Acid Mothers Temple In 0 to Infinity

[Important; 2010]

Styles: psychedelia, noise, experimental
Others: Terry Riley, Afrirampo, The Pink Ladies Blues, Guru Guru

Psychedelia is never as simple as it seems. What a lot of fans may not really get (well, not you, but, you know, those other guys) is that making mind-bending music doesn’t require that one has one’s own mind bent. Japan’s Acid Mothers Temple have, undoubtedly, put a tab in the ocean and sailed those seas of cheese (because otherwise, why bother?), but the (I’ll just say it, very Japanese) rigor of their touring and release schedule over the last 15 years makes it clear that they’re running something a little more structured than a full-time Electric Kool-Aid Acid Test.
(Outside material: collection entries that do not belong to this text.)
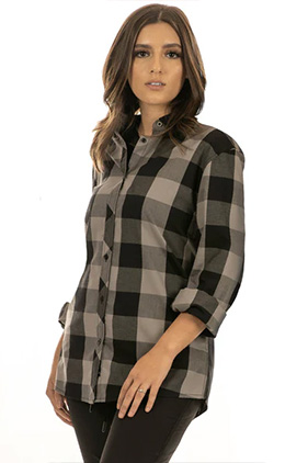 B5203 Burnside Camisa a cuadros de búfalo de manga larga para mujer
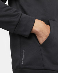 Bring the heat to your cold weather workout with the Therma Top. Supersoft fleece keeps the comfort levels high while you take your exercise routine to the next level. A relaxed feel means you can stretch and bench without anything holding you back. Benefits - Nike Therma-FIT technology helps manage your body’s natural heat to help keep you warm in cold-weather conditions. - Fleece feels supersoft and has a lightly fuzzy feel inside so you can stay warm and comfy. - Zippered pocket on the left arm lets you stash a key or card. Product Details - Standard fit for a relaxed, easy feel - Full-length front zipper - Woven zipper pulls - Front pockets - Printed back neck tape - 3-panel hood - Tipped drawcord with metal grommets - Embroidered Swoosh graphic - 100% polyester - Machine wash - Imported - Shown: Black/Black/White - Style: DQ4830-010 SIZE & FIT Model is wearing size L and is 6'2"188cm Big & Tall model is wearing size 2XL and is 6'5"196cm Standard fit: easy and traditional
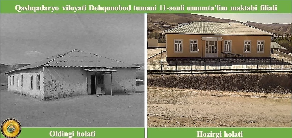 Қашқадарё вилояти Деҳқонобод туманидаги 11-умумтаълим мактаби Тиллатепа филиали Инвестиция дастури доирасида янгидан қуриб берилди.
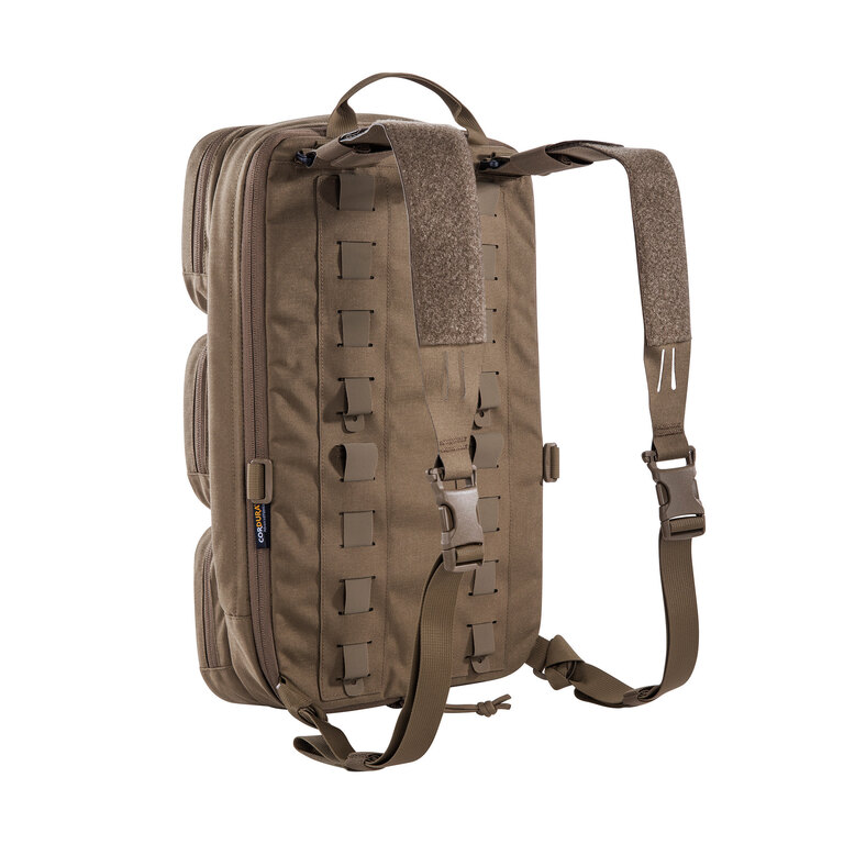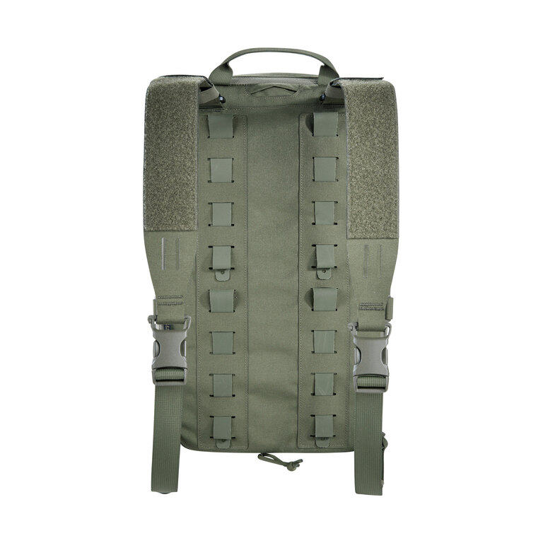 Batoh funguje ako doplnok k chest rigu alebo nosiču plátov, na ktorý sa priamo pripája. Ponúka hlavnú priehradku, tri predné vrecká a priehradku na balistický plát. Vďaka tomu zachováva osvedčené rozloženie výbavy a pridáva ďalší úložný priestor bez nutnosti meniť základný setup.
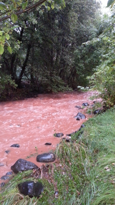 As with everything, there are consequences to encouraging the rain out here on the farm, and it mostly has to do with the creek. A good rain in Flagstaff or Sedona can significantly raise the water level. Last spring when the “great flood” hit, the water came well up onto what the county calls “the flood fringe”, almost pulling down my perimeter fence. That was water ten feet deep and moving at an incredible speed. In fact, it was moving so fast and was so high it hardly looked like it was moving at all. It was only as I watched it carry off a 20 foot length of a 3 foot diameter cottonwood trunk (bye-bye oyster mushrooms!) that had been laying next to my fence when I moved in that I realized just how powerful the creek had become. Needless to say, I was suddenly wondering if I would have to bring the cows to the upper terrace where the house is–6 feet out of the flood fringe or so I’m told–but how the heck was I going to herd the turkeys up here?
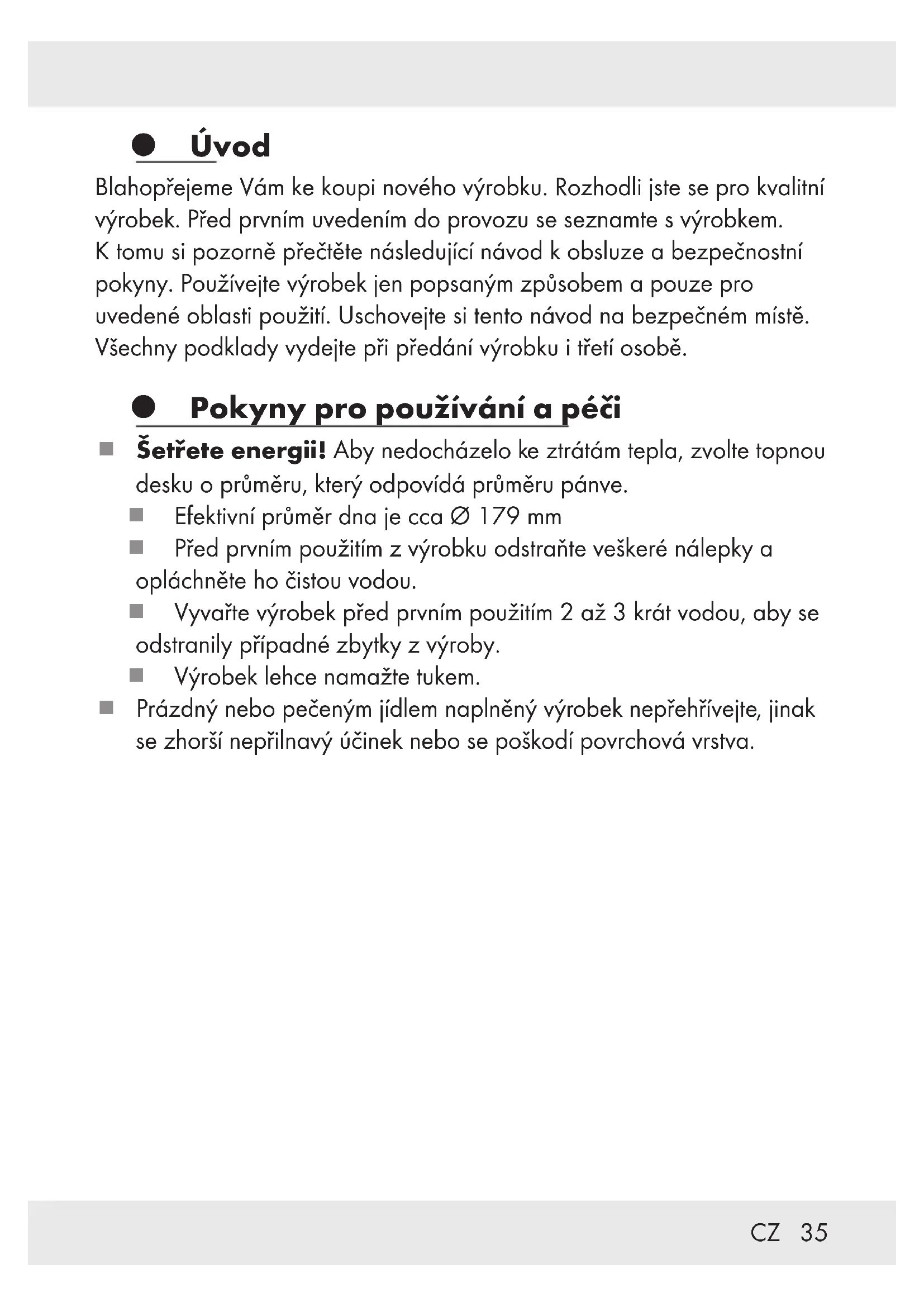 Úvod Blahopřejeme Vám ke koupi nového výrobku. Rozhodli jste se pro kvalitní výrobek. Před prvním uvedením do provozu se seznamte s výrobkem. K tomu si pozorně přečtěte následující návod k obsluze a bezpečnostní pokyny. Používejte výrobek jen popsaným způsobem a pouze pro uvedené oblasti použití. Uschovejte si tento návod na bezpečném místě. Všechny podklady vydejte při předání výrobku i třetí osobě. Pokyny pro používání a péči Šetřete energii! Aby nedocházelo ke ztrátám tepla, zvolte topnou desku o průměru, který odpovídá průměru pánve. Efektivní průměr dna je cca Ø179mm Před prvním použitím z výrobku odstraňte veškeré nálepky a opláchněte ho čistou vodou. Vyvařte výrobek před prvním použitím 2až3krát vodou, aby se odstranily případné zbytky z výroby. Výrobek lehce namažte tukem. Prázdný nebo pečeným jídlem naplněný výrobek nepřehřívejte, jinak se zhorší nepřilnavý účinek nebo se poškodí povrchová vrstva.36 CZ Nebezpečí přehřátí! U tukem nenamazaném přehřátém výrobku může dojít při kontaktu stuk neobsahující připravovanou potravinou ke zbarvení nepřilnavého povrchu v důsledku spalování proteinů. Tato zabarvení je třeba považovat za stopy používání, nepředstavují žádné narušení jakosti povlaku a jeho způsobilosti pro používání. Ohřívejte připravované potraviny při vyšším/středním ohřevu a nechte je pak na nízkém stupni dovařit. Nenechávejte výrobek bez dozoru, když se tuk zahřívá: Přehřátý tuk se může vznítit. Nikdy nehaste hořící tuk vodou! Zaduste plameny víkem hrnce nebo hustou vlněnou dekou. Používejte pouze plastové nebo dřevěné kuchyňské pomůcky abyste nepoškodili nepřilnavý povrch. Nekrájejte potraviny přímo ve výrobku. Do výrobku nevkládejte kapající maso. Prostřednictvím tuku stříkajícího na žhavou plotýnku sporáku může snadno vzniknout požár. Během vaření se může zahřát rukojeť. Pro svou ochranu používejte chňapky nebo grilovací rukavice. Výrobek je vhodná pro plynové, elektrické, sklokeramické, indukční a halogenové varné desky.37CZ Pokyn pro indukční varná pole: Za určitých okolností může nastat hluk, který je důsledkem elektromagnetických vlastností zdroje tepla a výrobku. To je normální a neznamená to závadu indukčního varného pole ani nádobí. Výrobek je třeba umístit do středu na indukční varné pole. VÝSTRAHA! Vysoká rychlost ohřevu! Kuchyňské nádobí při předehřevu nepřehřejte. V případě přehřátí musí být místnost důkladně vyvětrána. Tento výrobek kombinuje výhody hliníkového nádobí, jako jsou nízká hmotnost a vysoká tepelná vodivost, s výhodami vaření s indukcí. Aby to bylo možné, byly do hliníkového dna vloženy magnetické ocelové prvky. Dno tedy není průběžně magnetické, takže se na indukčních deskách, které jsou výrazně větší než průměr dna, může stát, že indukční cívky nereagují. To není nedostatek kvality a nepředstavuje narušení funkčnosti. Aby výrobek bezvadně fungoval, vždy jej prosím umístěte na varné pole, které odpovídá účinnému spodnímu průměru uvedenému v tomto návodu. Vysoké teploty mohou vést ke změně barvy vnější strany výrobku. Nejedná se o vadu materiálu a neovlivňuje to kvalitu nebo funkci výrobku. Nikdy nedávejte horký výrobek pod tekoucí studenou vodu. Spodní část výrobku by se tím mohla poškodit nebo z výrobku odpadnout.38 CZ Výrobek je vhodný pro uchovávání teplých potravin v troubě (max.160 °C po dobu 1hodiny). Tento výrobek je vhodný do myčky na nádobí. Pro ruční čištění použijte horkou vodu a obyčejný prostředek na mytí nádobí. Vyhněte se používání ostrých a špičatých předmětů nebo kartáčů, abyste nepoškodili materiál. K čištění nepoužívejte žádné ostré abrazivní prostředky. Časté čištění ostrými čisticími prostředky může vést k poškození a/ nebo změně barvy výrobku. Čištění v myčce může vést ke změně zbarvení hliníkových dílů. VÝSTRAHA! Skleněné víko je křehké/není odolné proti nárazům! VÝSTRAHA! ŠKRÁBANCE! Vyhněte se posouvání nádobí tam a zpět na sklokeramické varných polích! Než začnete s vařením, doporučujeme, abyste otřeli povrch varného pole a dno nádobí čistou, nežmolkující látkou (například z mikrovlákna). Tímto způsobem můžete předejít poškrábání. Bezpečné pro potraviny: Tento výrobek nemá vliv na chuť a vůni připravovaných jídel. Nikdy nepoužívejte výrobek, pokud jsou rukojeti nebo knoflík víka uvolněné. V případě potřeby utáhněte šroub rukojeti a knoflík víka. Zlikvidování Obal se skládá z ekologických materiálů, které můžete zlikvidovat prostřednictvím místních sběren recyklovatelných materiálů. O možnostech likvidace vysloužilých zařízení se informujte u správy vaší obce nebo města.39CZ Záruka Výrobek byl vyroben s nejvyšší pečlivostí podle přísných kvalitativních směrnic a před odesláním prošel výstupní kontrolou. V případě závad máte možnost uplatnění zákonných práv vůči prodejci. Vaše práva ze zákona nejsou omezena naší níže uvedenou zárukou. Na tento artikl platí 3 záruka od data zakoupení. Záruční lhůta začíná od data zakoupení. Uschovejte si dobře originál pokladní stvrzenky. Tuto stvrzenku budete potřebovat jako doklad o zakoupení. Pokud se do 3 let od data zakoupení tohoto výrobku vyskytne vada materiálu nebo výrobní vada, výrobek Vám – dle našeho rozhodnutí – bezplatně opravíme nebo vyměníme. Tato záruka zaniká, jestliže se výrobek poškodí, neodborně použil nebo neobdržel pravidelnou údržbu. Záruka platí na vady materiálu a výrobní vady. Tato záruka se nevztahuje na

The same thing is true musically. I still rate AMT at South by Southwest in 2000 as the single best show I’ve ever seen, and while it was undeniably a mind-melting freakout, it was built on a solid foundation of hard work and structure. I don’t think I totally grasped that until I’d spent the next few years listening to New Geocentric World of Acid Mothers Temple, still probably their definitive, most focused statement. You have to have limits before you can break them, lines before you can color outside of them.
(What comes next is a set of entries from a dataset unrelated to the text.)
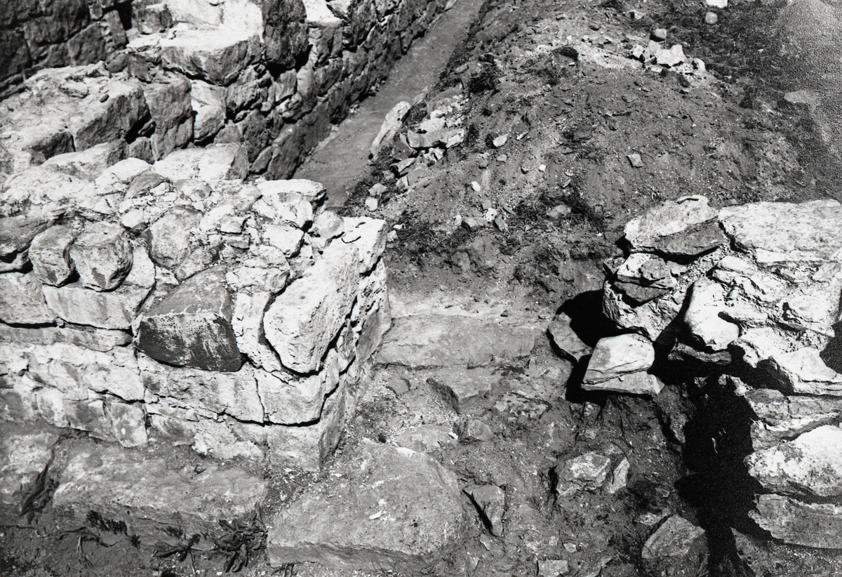 Västra korsgången. Dörröppningen till klostergården från väster snett uppifrån.
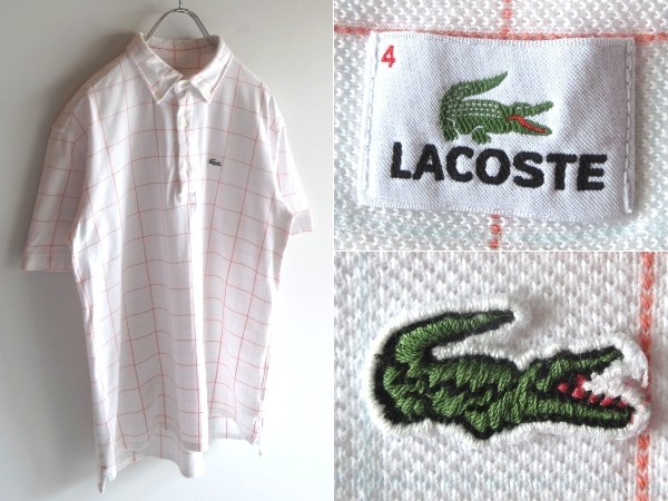 - ネコポス対応 LACOSTE ラコステ KH007S ワニロゴワッペン グラフチェック 鹿の子 半袖 BDポロシャツ 4 白 ホワイト オレンジ ライトブルー
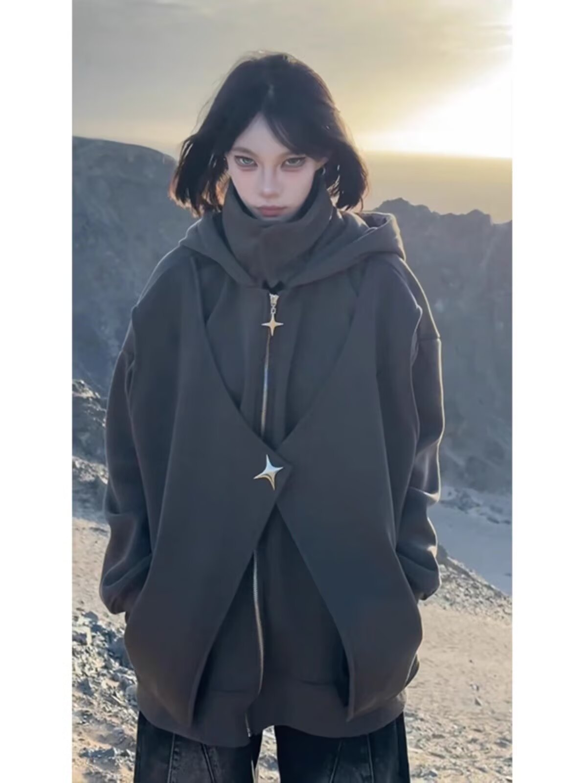 Fake Two-piece Hooded Turtleneck Sweater For Men And Women
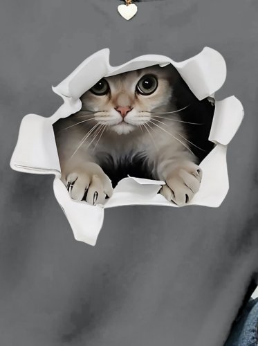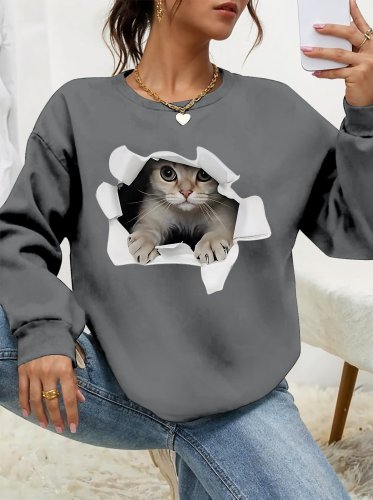 • Kadın uzun kollu bisiklet yaka kedi desenli viskon iki iplik bluz
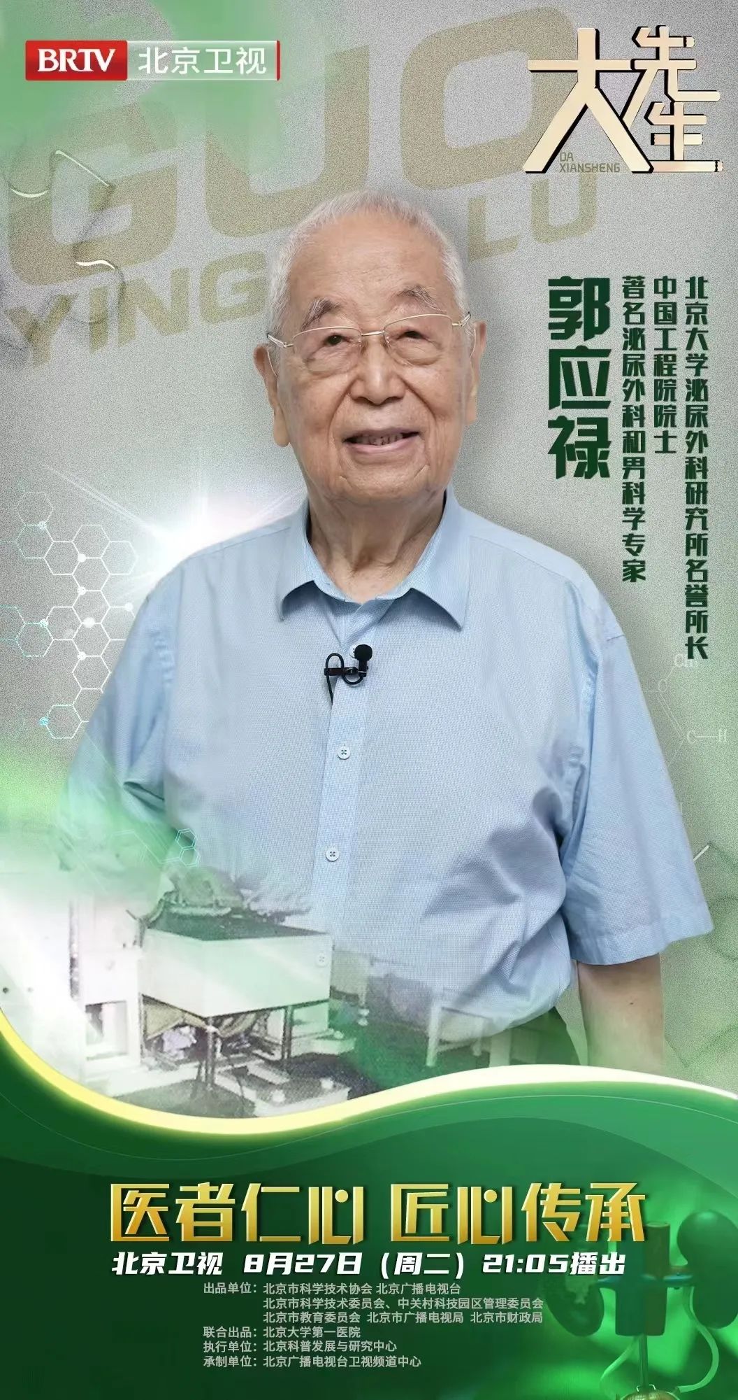 更多精彩内容,8月27日21:05分,锁定北京卫视《大先生》第三季第五期,了解郭应禄院士的医者人生!

What I’m leading up to here is that, according to these standards, In 0 to Infinity — a follow-up to their 2002 cover of Terry Riley’s In C — is a bit of a disappointing departure. While the four 15-minute tracks are definitely not songs in the traditional sense, they’re not really jams either. They’re closer to mantras, repeating themes layered with odd outbursts, dark and foreboding. Things ‘build’ in the sense that more and more stuff gets added, but there’s not much sense in all the muck that we’re really going anywhere. The sounds are a mix: analog, scratchy, digital, some moaning singing. There’s very little guitar and very little drumming. Basically, this is a sonic soup, the soundtrack to taking mushrooms alone, if you want to spend an hour convincing yourself there aren’t cockroaches burrowing under your skin.

All of which is a roundabout way to say this is a particularly niche AMT release. If I saw it live, I would not (as I did back in 2000) freak out and push to the front of the stage and pump my fist in the air. Honestly, I’d probably get bored and walk out. AMT are a hugely prolific band, and that sort of flood-the-market philosophy necessarily means they can’t all be polished, complete works — and this isn’t the first time they’ve fallen victim to the temptation to lean on their ‘psychedelic’ status to produce something directionless. And, who knows, maybe you’re in the target demo for this thing. Perhaps you run a haunted house of some sort? Anyway, if you want an album that’s an experience without the addition of drugs and/or animatronics, look elsewhere.